Exercise description
Make an exact copy of the lines from the one containing "Highland Cow in" through the end of the records below, and leave out every picture.

Supplied data
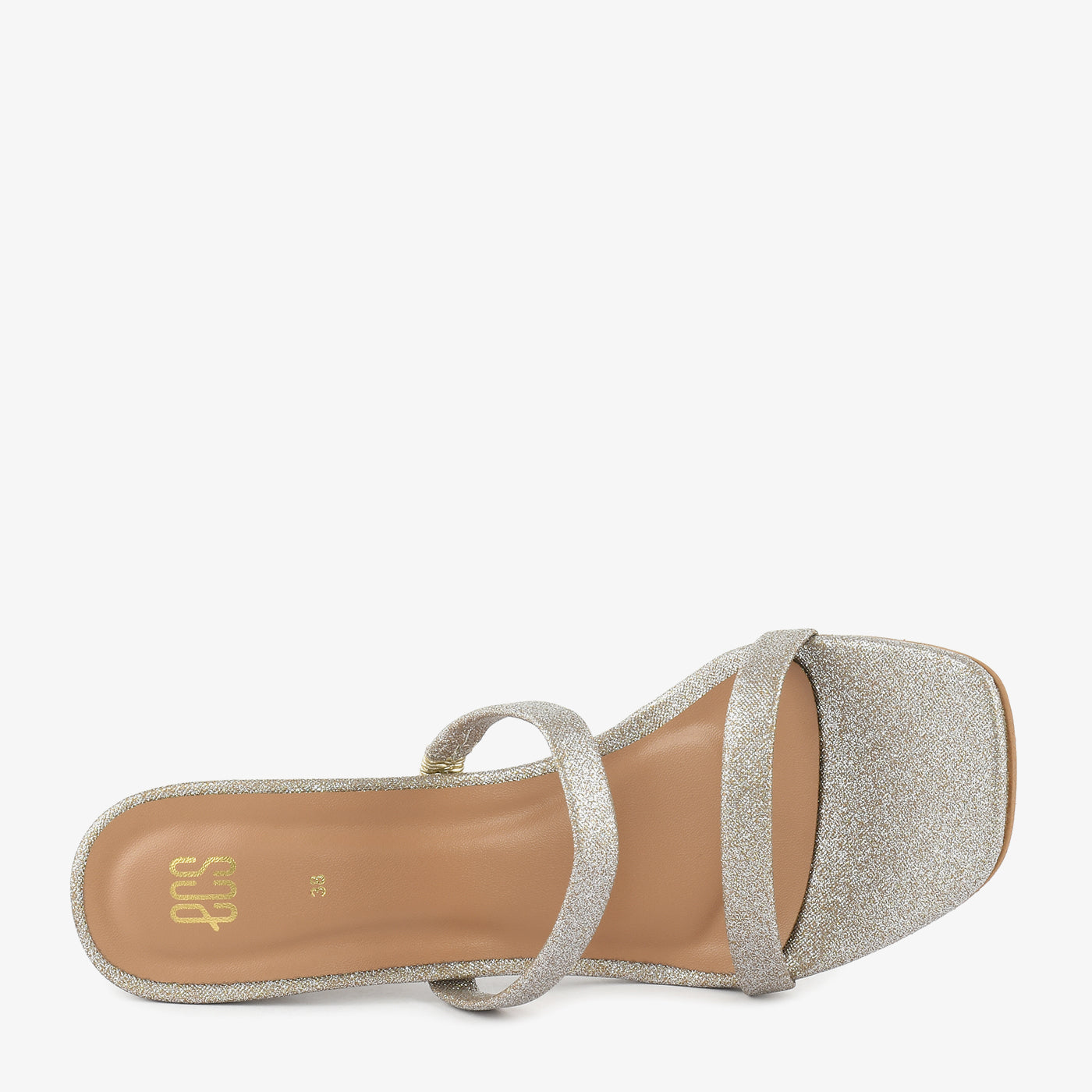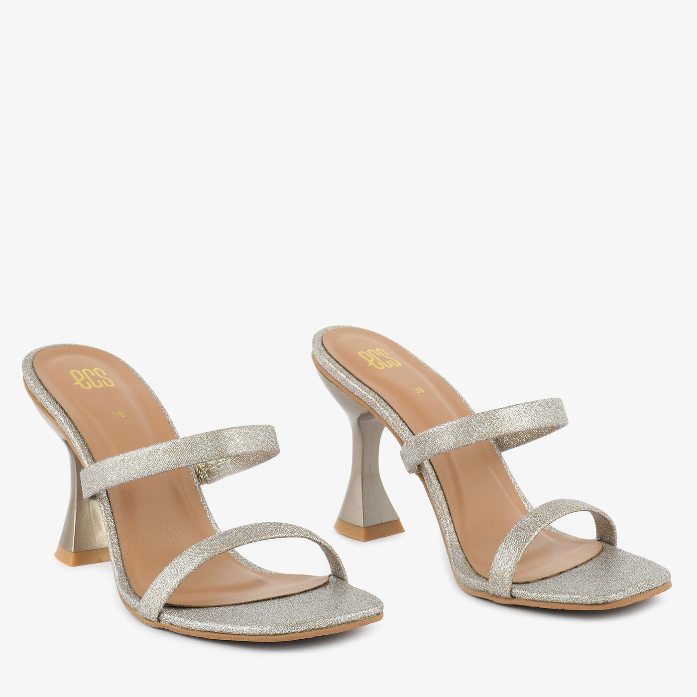 An elegant dual-strap heel designed to bring modern sophistication to your wardrobe. Its subtle shimmer and sleek silhouette offer both style and stability. Ideal for festive evenings or formal gatherings that call for refined charm.
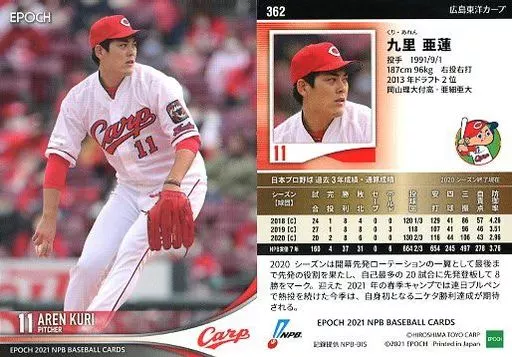 Japanese title: スポーツ/レギュラーカード/2021 NPB プロ野球カード 362[レギュラーカード]:九里亜蓮
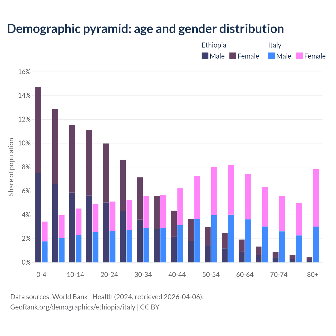 Demographics of Ethiopia compared to Italy:
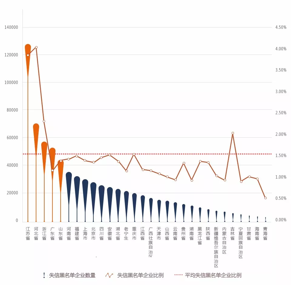 | 江蘇、河北、浙江失信黑名單企業(yè)量/比例均位于前列 |
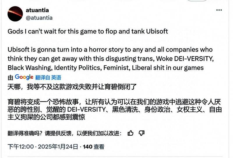 玩家:天呀,这个游戏赶紧扑街,让育碧倒闭吧。育碧快要把自己活生生地变成一个恐怖故事了,任何宣传令人恶心的变性人,woke多元,黑洗、身份政治、女权、进步主义等臭狗屎的公司,你们一个都休想逃脱这一厄运。
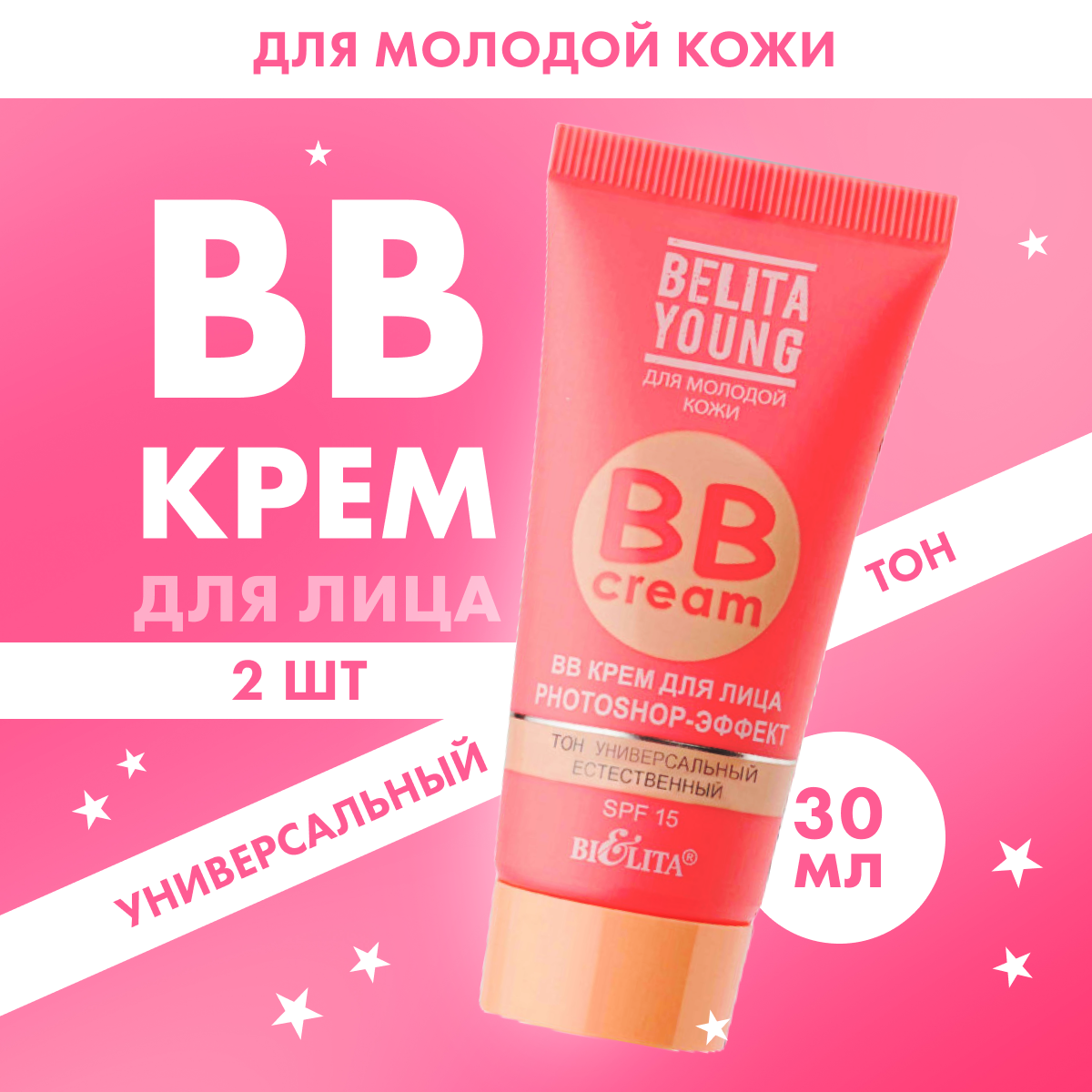 BB Крем для лица Belita, Young photoshop-эффект, 30 мл, SPF 15, крем тональный, BB cream, естественный универсальный тон 2шт.
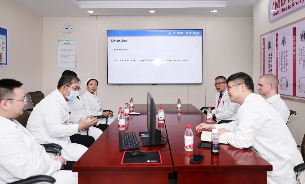 在周克祥副院長陪同下,David Satzer博士與6B神經(jīng)外二科盧云鶴博士團隊開展病例討論。盧云鶴博士以流利英文主持,雙方就大腦中動脈分叉部動脈瘤的治療策略進行交流。David Satzer博士介紹了美國基于指南的外科手術主流方式,并對上海藍十字腦科醫(yī)院開展的血流導向裝置、WEB擾流裝置等介入技術表示肯定。此外,雙方還就腦轉移瘤綜合治療、強迫癥外科手術的倫理法律差異等議題展開探討。盧云鶴博士重點介紹了醫(yī)院在腦機接口領域的臨床應用,特別是對昏迷患者進行意識評估及脊髓電刺激促醒的實踐成果,引起David Satzer博士濃厚興趣。雙方討論持續(xù)兩個半小時,意猶未盡,并互換聯(lián)系方式,期待在學科建設與科研合作方面持續(xù)推進。
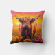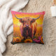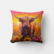 Highland Cow in Sunflowers at Sunrise Cushion
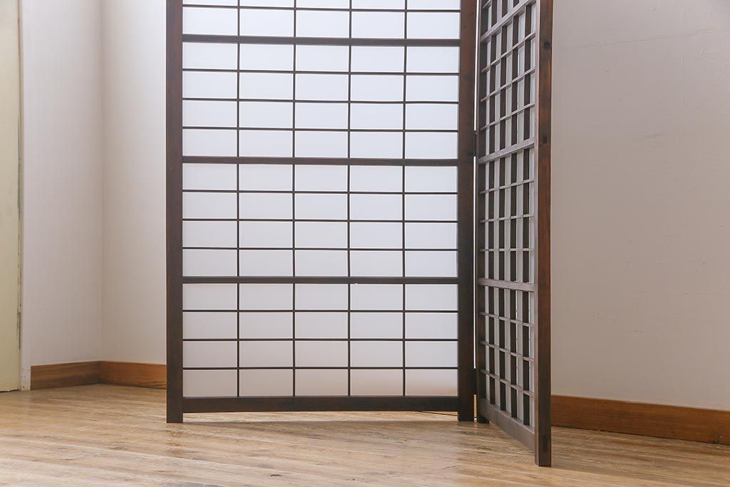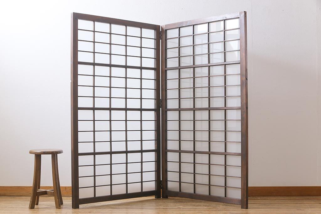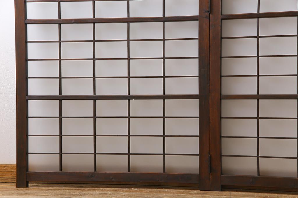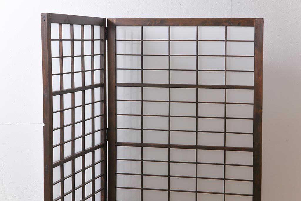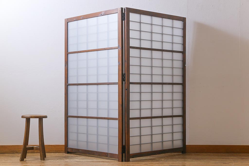 ラフジュ工房> 衝立・パーテーション> 折りたたみパーテーション > 和製アンティーク すりガラス入り リメイク 古い建具を使った和モダンな雰囲気漂う衝立(パーテーション、つい立、仕切り戸)(R-032722)
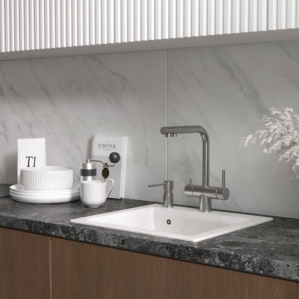 - Кухонные мойки: изготавливаются из нержавеющей стали AISI-304 или композитных материалов. Модели отличаются прочностью, функциональностью и разнообразием дизайнов — от классических до современных.
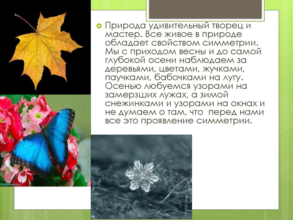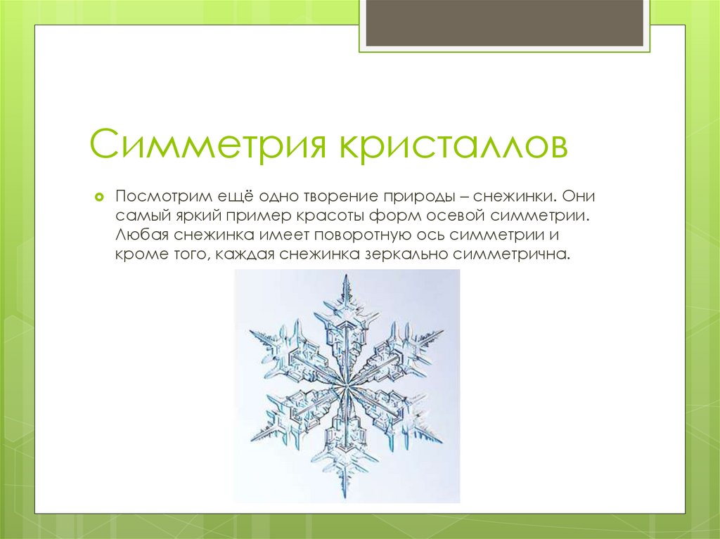 Посмотрим ещё одно творение природы – снежинки. Онисамый яркий пример красоты форм осевой симметрии.

Solution
 Highland Cow in Sunflowers at Sunrise Cushion
 ラフジュ工房> 衝立・パーテーション> 折りたたみパーテーション > 和製アンティーク すりガラス入り リメイク 古い建具を使った和モダンな雰囲気漂う衝立(パーテーション、つい立、仕切り戸)(R-032722)
 - Кухонные мойки: изготавливаются из нержавеющей стали AISI-304 или композитных материалов. Модели отличаются прочностью, функциональностью и разнообразием дизайнов — от классических до современных.
 Посмотрим ещё одно творение природы – снежинки. Онисамый яркий пример красоты форм осевой симметрии.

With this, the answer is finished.